Until a reliable cure is found, the many of those who carry the burden of diabetes will have to manage it the way the have been for years. But, even if a cure is out of reach, we can take action now to help prevent type 2 diabetes in the future. Unfortunately, the amount of Americans developing diabetes is increasing while the average age people develop it is becoming lower and lower. Data from the 2011 National Diabetes Fact Sheet shows that even now about 1 in every 400 children and adolescents has diabetes. In fact, as of 2011 8.3% of the population has diabetes. That’s men and women, children and adults. A simple poll I took from my peers in the classroom showed that more than 75% of the students are related to someone with diabetes, and 100% know someone with the condition. Diabetes dramatically increases one's chances for heart disease and stroke, kidney disease, and other life threatening conditions.

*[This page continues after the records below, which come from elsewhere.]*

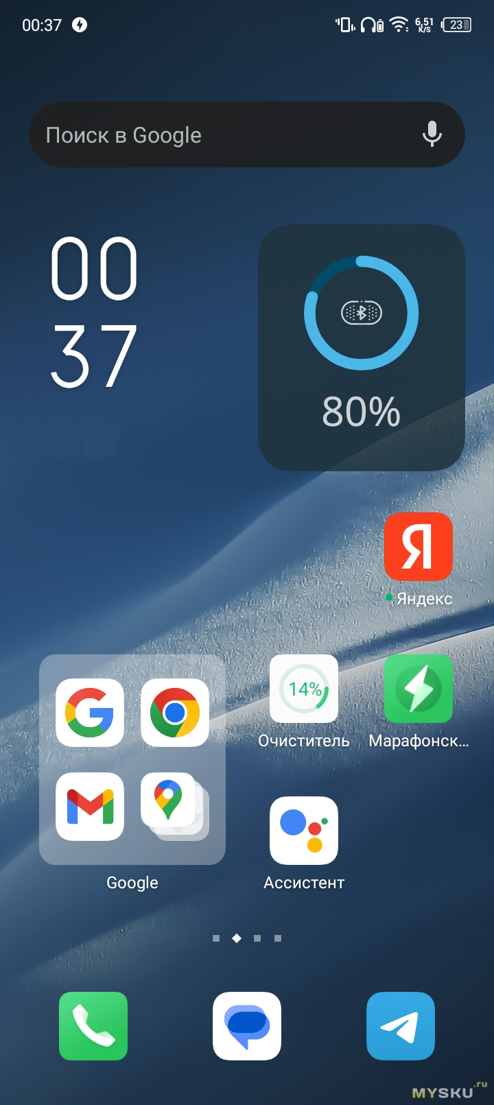 Колонка корректно прогружается в систему как устройство внешнего вывода звука, о качестве звука судить не приходится. Для отображения статуса заряда предлагается пытаться высмотреть статус батареи в статус-баре и не сломать глаза. Для альтернативного варианта я установил платный Battery Widget и настроил вывод отображения статуса заряда на рабочий стол.
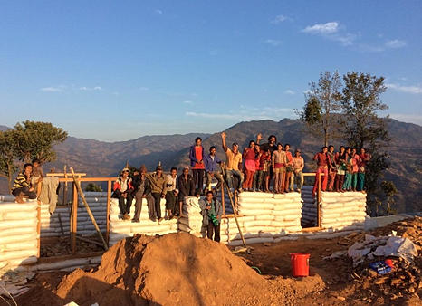 Deux ONG rivalisent sur l'idée de sacs de riz remplis de terre pour construire les murs. Une néo-zélandaise et une émanant d'une ONG népalaise. Les deux solutions ont, semble-t-il, résisté aux tremblement de terre. Ouf.La néo-zélandaise :http://www.firststepshimalaya.org/
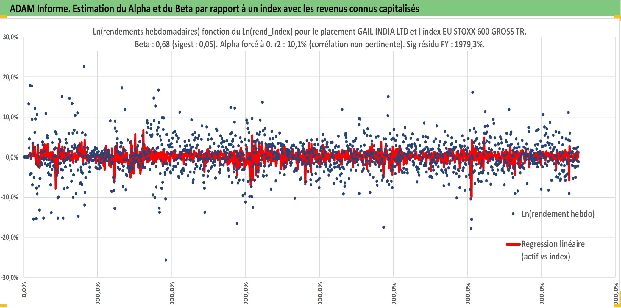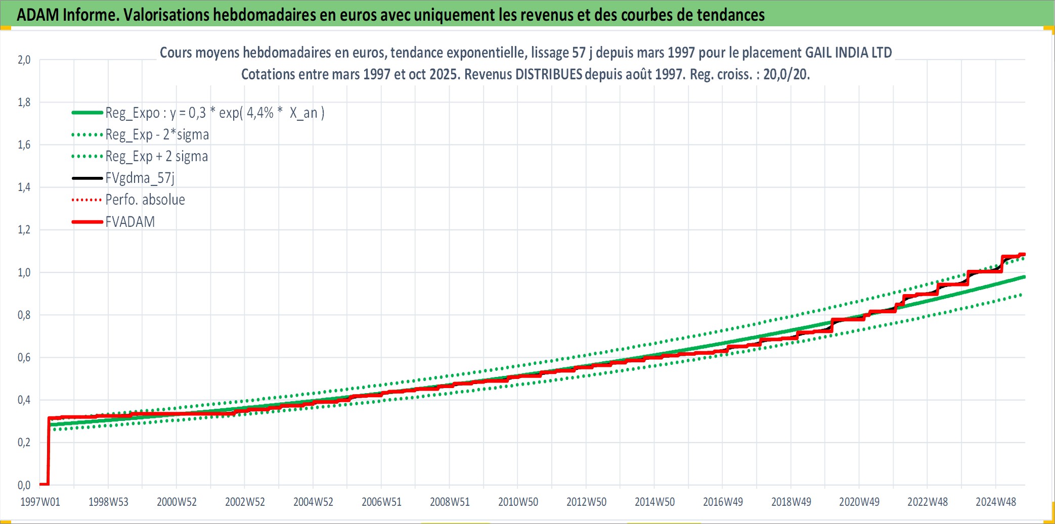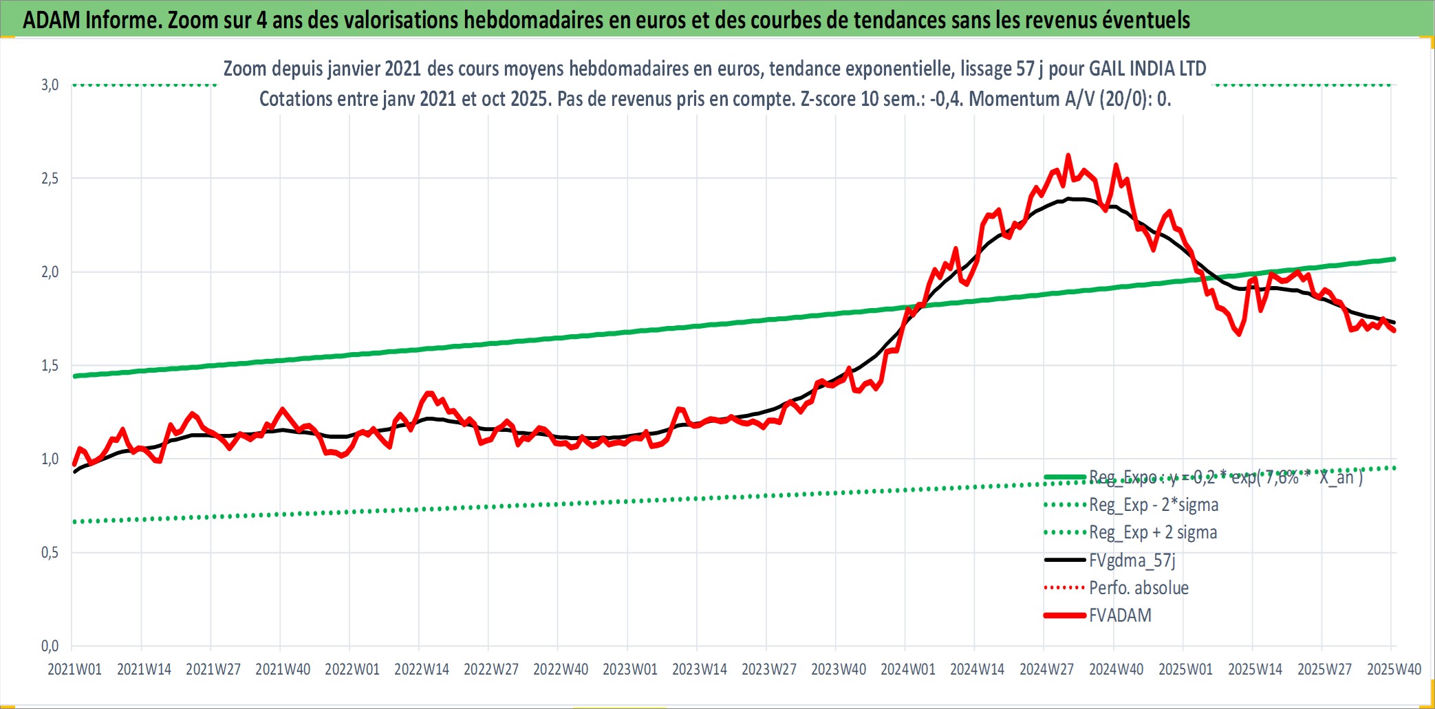 Site dédié aux investisseursPage dédiée sur site financeAnalyse des valorisations hebdomadaires de l'action GAIL INDIA LTD. Cet actif est cote en INR. Les valorisations sont en contrevaleur EURO et couvrent les semaines 1997W14 a 2025W40. Les revenus de cet actif financier sont pris en compte depuis la semaine 1997W33. La note globale ESG de cet actif est estimee a 6.0 (apres rebasage entre 0 et 20).

Though burdened at times, my father lives a relatively happy and healthy life with type 1 diabetes through the miracles of modern medicine. Though type 1 diabetes is unavoidable, the ever-growing problem of type 2 diabetes is something we can prevent all together. If we hope to stop or even reverse the deadly curve of diabetes progression that is currently set, we have to start taking better care of ourselves now. Eating more vegetables and less sugar and fat now, along with simply getting outside for a while each day, much like your old health teacher said, can do a lot more for your own future that it might seem.